I don’t read about myself but I make exception for a certain kind of hostile effortpost. One recent and admirably short one is Damon Linker’s “The Red-Pill Pusher,” which deserves to be taken seriously—both because Linker used to be the editor of the highly respected First Things, and because at times the man is almost complimentary. But…
On boomers
TLDR: the only problem with Damon Linker is that he is a boomer. Or can I even say this? Is it a slur? The “b-word” certainly has a rather nasty sound.
I was giving a guest lecture at an unnamed college the other day and found myself quoting that brilliant clip of the Bhagwan about democracy. And while paraphrasing his guruness, I found myself saying—“r-word.” This was completely spontaneous and yet it was the best laugh-line of the morning. I want to say “b-word.”
And yet—there is something to it. Linker was born just a few years before me. He is not a boomer—chronologically. But can one be a boomer—spiritually? Some of my best friends are boomers—chronologically—and yet—there is... a boomer mindset?

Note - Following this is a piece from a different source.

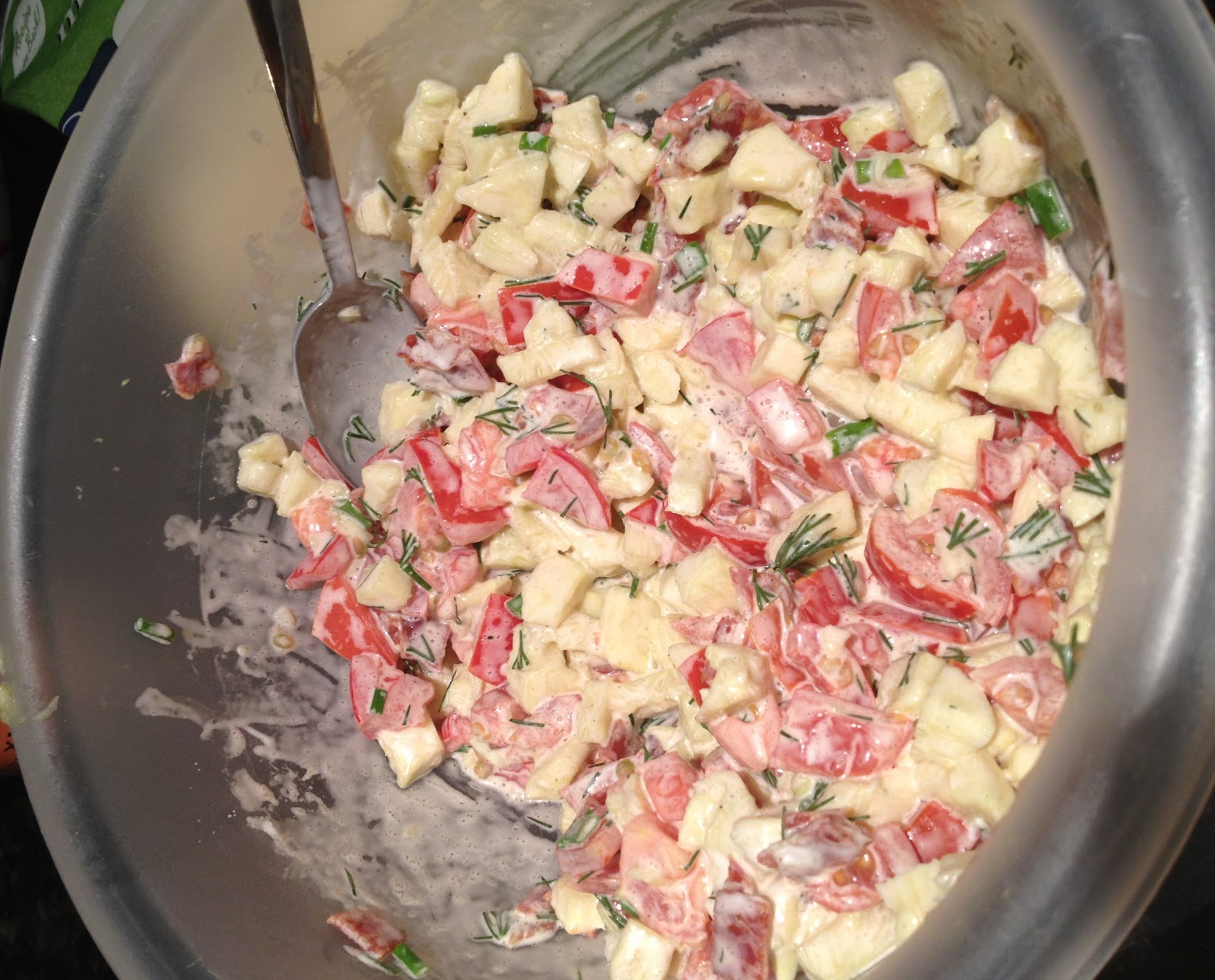 - Cut the tomatoes, salami (optional), chives and dill, and add them to the bowl.

The boomer mindset is frozen in a pastel pre-1980s caricature of an America which I am still old enough to remember. I remember the Bicentennial! It was awful. I cut my thumb on a chicken-wire float. I was sad and angry and scared when Mondale lost—Reagan was my Trump—I believed in the whole thing. The whole show. NBC and ABC and CBS, plus PBS for the classy people—that was us, of course…
The spiritual boomer may be young or old. He is a man who lives on the boomer map. He lives his life as a character in the boomer story. To free him is not to change his mind—not to move him to a different position on the map, a different role in the story—but to change the channel—close the book—to sweep his mind away to a different map.
Our boomer is the American equivalent of the Russian sovok, the Soviet man, who takes the whole Soviet narrative seriously. When the sovok studies Marx-Lenin thought or goes to a state-approved demonstration, he really feels good about himself—he is genuinely doing the right thing for the workers and peasants. Or whatever. And if he did not go to the demonstration, he would be a bad person, who was mean to the workers and peasants! Millions and millions of people really believed in this.
Ultimately we cannot communicate with the boomer because our ideals and proposals do not make sense in the boomer world—they do not exist on the boomer map. But why remain on the boomer map? The 20th century was a long time ago… we are all less attached to its institutional legacy than anyone is supposed to think. And no one, regardless of birthdate, can be taken for granted or written off as irredeemable.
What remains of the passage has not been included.